It's not array equality that's the issue here. Arrays with the same 
elements are '==' (but not '==='). If you manually test pushing the same 
array to a Set you'll see it works fine.

Jan, what happened is that your 'santa' function modifies and returns the 
same array that was passed in instead of creating a new one. So the only 
array that ever gets created is the first 'start = [0 0]' and it just gets 
continually modified, both in the santa function and in the set. Switching 
to a tuple works because you are forced to create a new tuple to change one 
of the elements.

On Tuesday, December 15, 2015 at 3:32:40 AM UTC-5, Tomas Lycken wrote:
>
> Probably because the arrays will not be equal even if their contents are 
> equal (this is true of most mutable types in Julia).
>
> If you try representing a position as a tuple `(0,0)` instead of as an 
> array `[0,0]`, you'll find that it works as expected.
>
> // T
>
> On Tuesday, December 15, 2015 at 8:28:36 AM UTC+1, Jan Strube wrote:
>>
>> That's not a problem at all. In fact that's the very reason why I'm using 
>> a Set in the first place.
>>
>> My question is: Why is the number of entries in the set different when I 
>> add Arrays vs. adding ASCIIStrings?
>>
>>
>> On Monday, December 14, 2015 at 10:57:57 PM UTC-8, [email protected] 
>> wrote:
>>>
>>> I think your problem is that Sets cannot contain duplicate entries, so 
>>> if Santa ever passes the same point twice it won't be added.
>>>
>>> Cheers
>>> Lex
>>>
>>> On Tuesday, December 15, 2015 at 4:23:19 PM UTC+10, Jan Strube wrote:
>>>>
>>>> I'm trying to learn a bit more Julia by solving the puzzles over on 
>>>> http://adventofcode.com
>>>> On day 3, the problem is to follow a number of directions and figure 
>>>> out how many new places you end up.
>>>> http://adventofcode.com/day/3
>>>>
>>>> I thought I can solve this simply by defining a set of [x y] positions, 
>>>> each time adding a new grid position to the set, so I'd end up with a Set{ 
>>>> Array{Int64,2}} of the right length.

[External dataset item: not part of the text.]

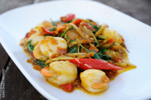 Fried herbal vegetables with hotate, Spicy Thai food.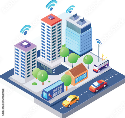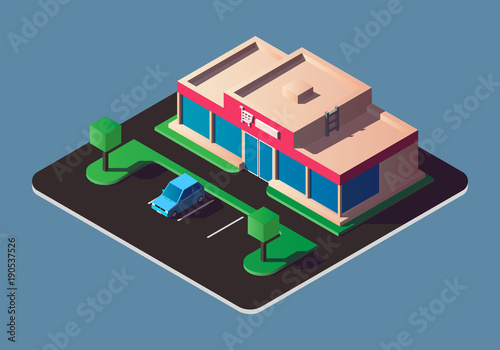 Векторная плоская 3d-изометрическая иллюстрация мобильного банкинга. Здание банка на экране смартфона. Использование мобильного устройства для совершения операций онлайн-банкинга элемент концептуального дизайна.

>>>> However, this doesn't work as expected. I get the wrong number (it's 
>>>> too low).
>>>>
>>>> Wrapping each grid position into a string() call, however, gives me the 
>>>> right answer. 
>>>> The explanation is a bit convoluted. To avoid spoilers I've put the 
>>>> code up at https://gist.github.com/jstrube/3d54e15f7d051b72032b
>>>>
>>>> I don't quite understand this. Is this expected?